Congressional Democrats need a lot of new tax revenue to pay for at least a portion of the social spending they wish to pass. But they also have a few tax breaks they want to give to their preferred groups.
Among they: labor unions. For union members, Democrats propose a tax deduction of up to $250 for union dues:
The deduction is “above the line,” meaning filers can exclude the cost of dues from their gross income. In other words, union dues would get the same treatment now reserved for things like insurance premiums and retirement contributions. The deduction would last through 2025. The Joint Committee on Taxation estimates its cost at $1.8 billion.
Supporters frame the tax break as relief for workers. “Unions are the backbone of the middle class,” said Democratic Sen. Bob Casey while introducing a similar provision in April. “This legislation would put money back in the pockets of working families.”
Except, as the Wall Street Journal notes, this sop to unions is bad tax policy for the very members the deduction is supposed to help:
It’s also a step backward for the tax code, which Republicans helped to rationalize in 2017. The Tax Cuts and Jobs Act nearly doubled the standard deduction to replace a hodgepodge of tax breaks, including a previous “below the line” deduction for dues.
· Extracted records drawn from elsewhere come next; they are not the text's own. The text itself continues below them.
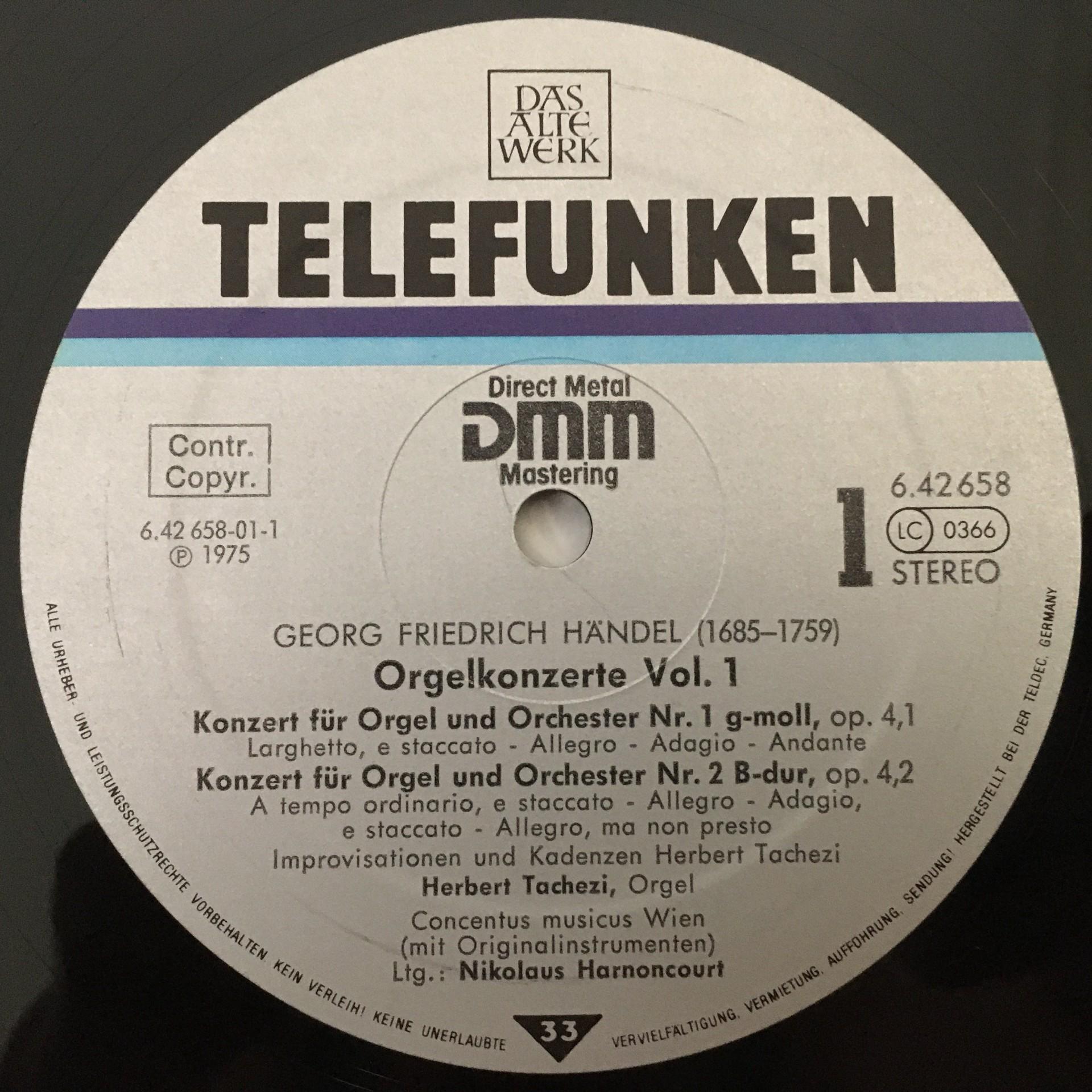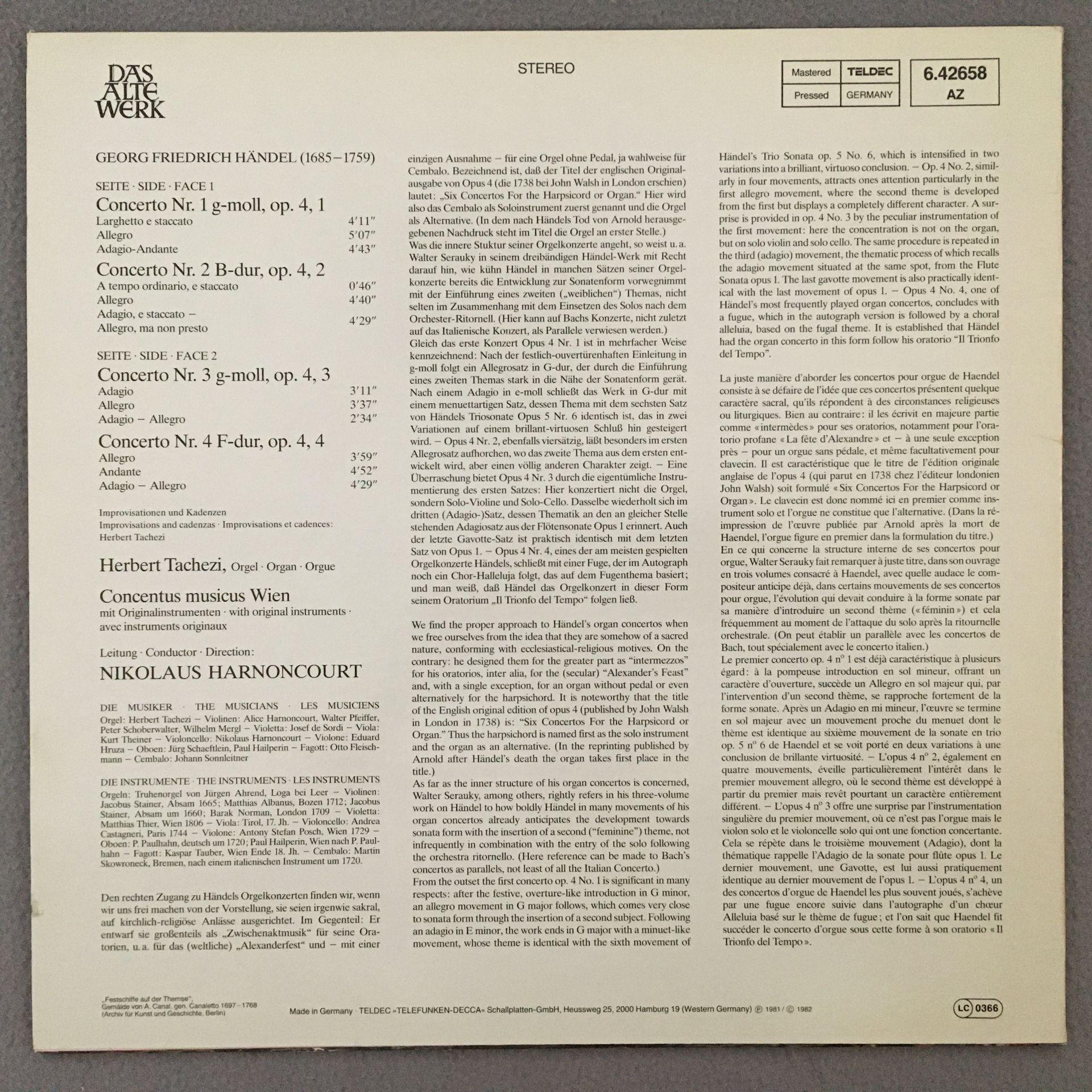 Q899 Handel Organ Concertos Tachezi Harnoncourt Telefunken 6.42658 AZ Stereo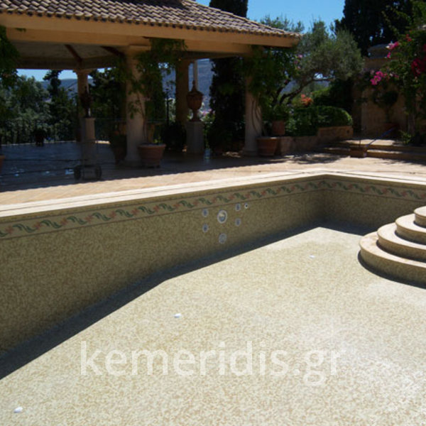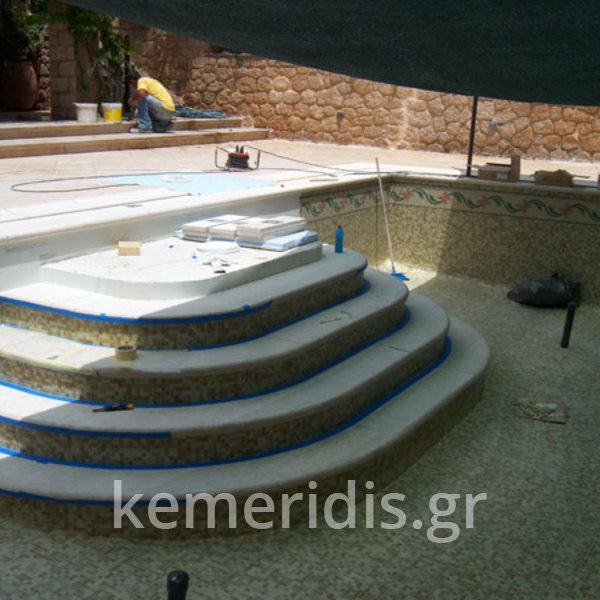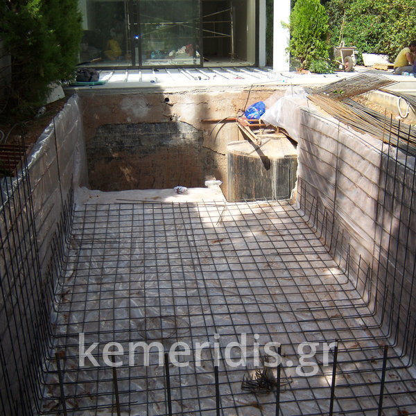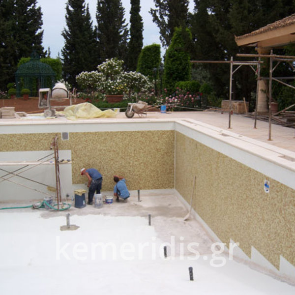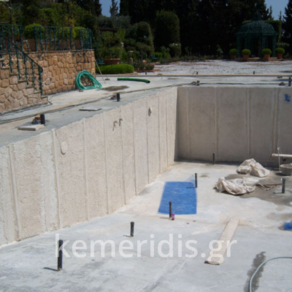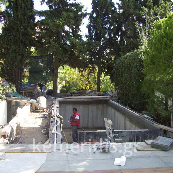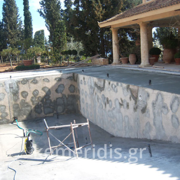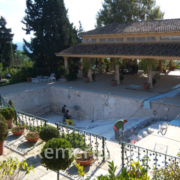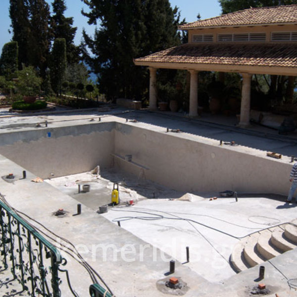 Ανακατασκευή πισίνας σε κτήμα αρχικής κατασκευής 1973-74 η οποία παρουσίασε πρόβλημα διαρροών από την αρχική κατασκευή.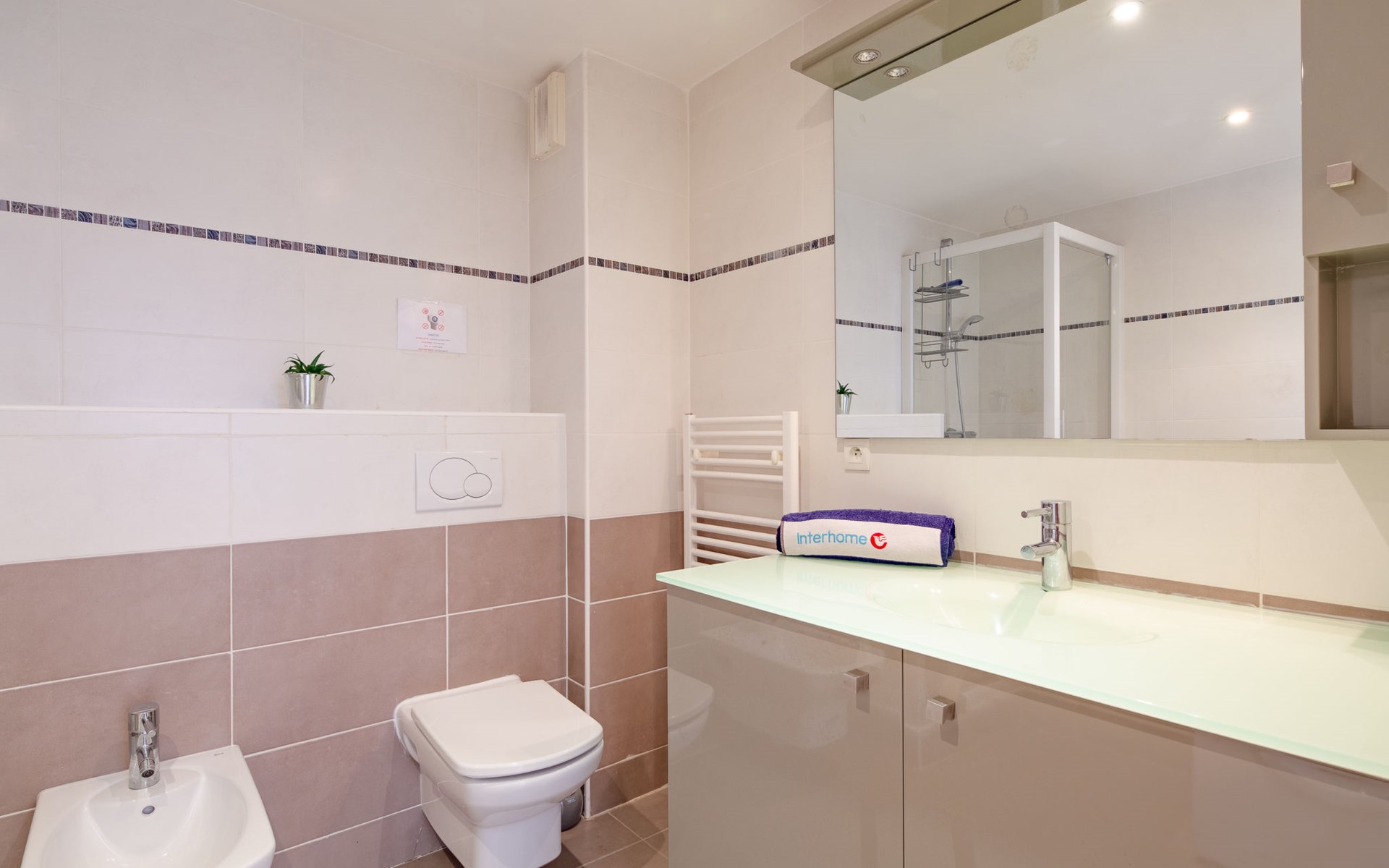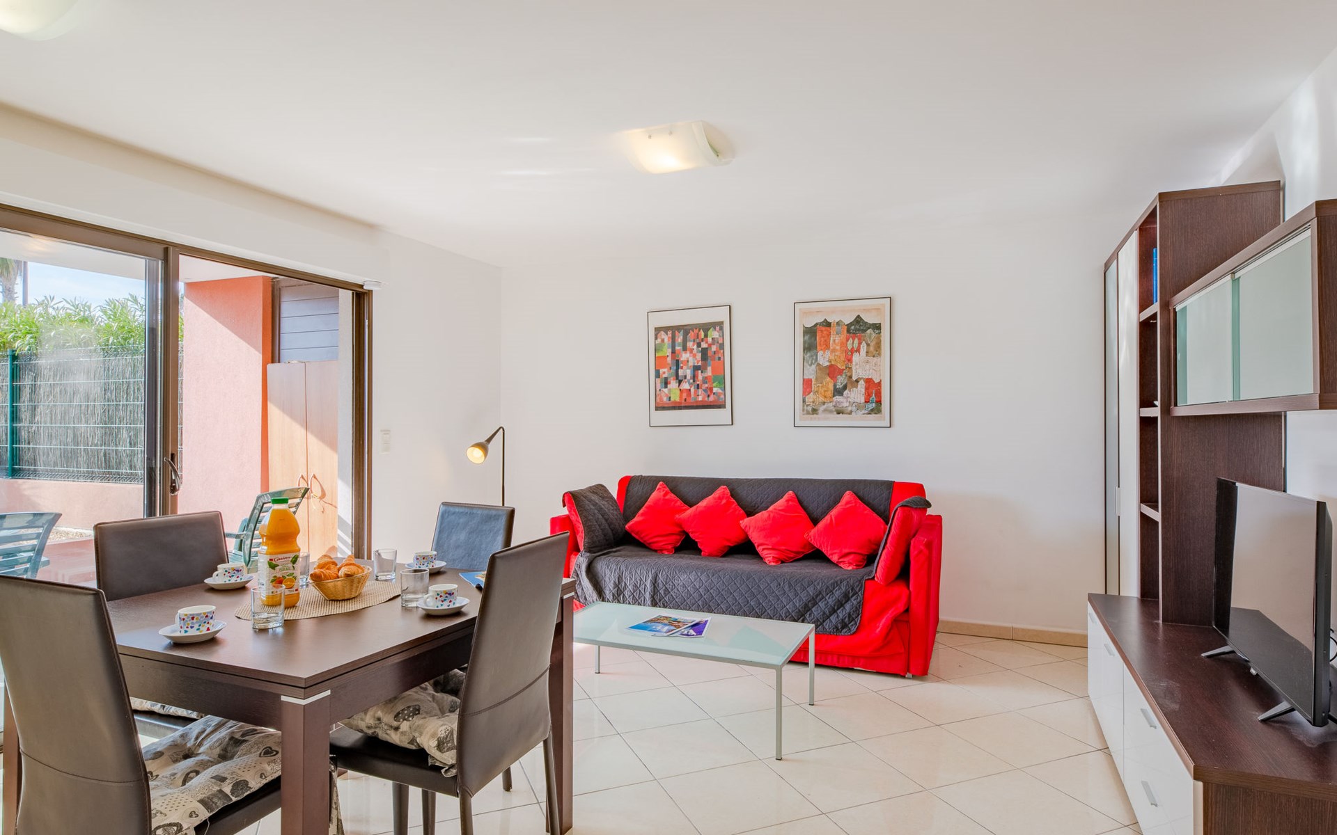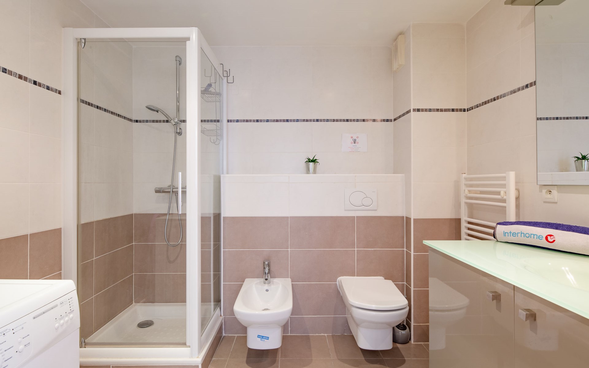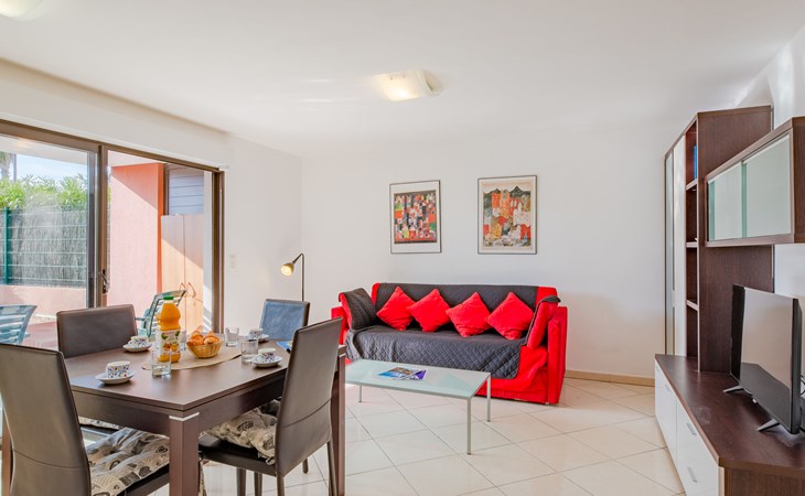 Port Fréjus: Modern apartment block "Santa Monica", 2 storeys, built in 2010. 500 m from the sea, from the beach. In the complex: lift, storage room for bicycles. Supermarket 1 km, shopping centre 1 km, restaurant 500 m, bus stop 200 m, railway station "Saint-Raphaël Valescure" 2 km, park "Base nature" 200 m, diving center 500 m, indoor swimming pool 250 m. Sports harbour 100 m, golf course (18 hole) 7 km. Nearby attractions: Cannes 40 km, Saint-Tropez 40 km, Nice 70 km, Gorges du Verdon 90 km. Well-known lakes can easily be reached: Sainte-Croix 90 km. Hiking paths: Estérel 7 km. Groups of teenagers on request only. The keys‘ handover takes place by the agency Interhome in Port Fréjus. Neighbourhood highly sensitive to noise. Quietness and good behaviour expected.

Instead of returning cash to the average worker, Democrats want all workers to subsidize the unionized few—along with their own election campaigns.
The problem, as always, is the cumbersome, confusing, and corrupt tax code. If the goal is to help workers, or families or anyone else politicians might think of, the tax code needs to be simple, fair and broad-based. In other words, junk the current monstrosity, and replace it with a flat tax.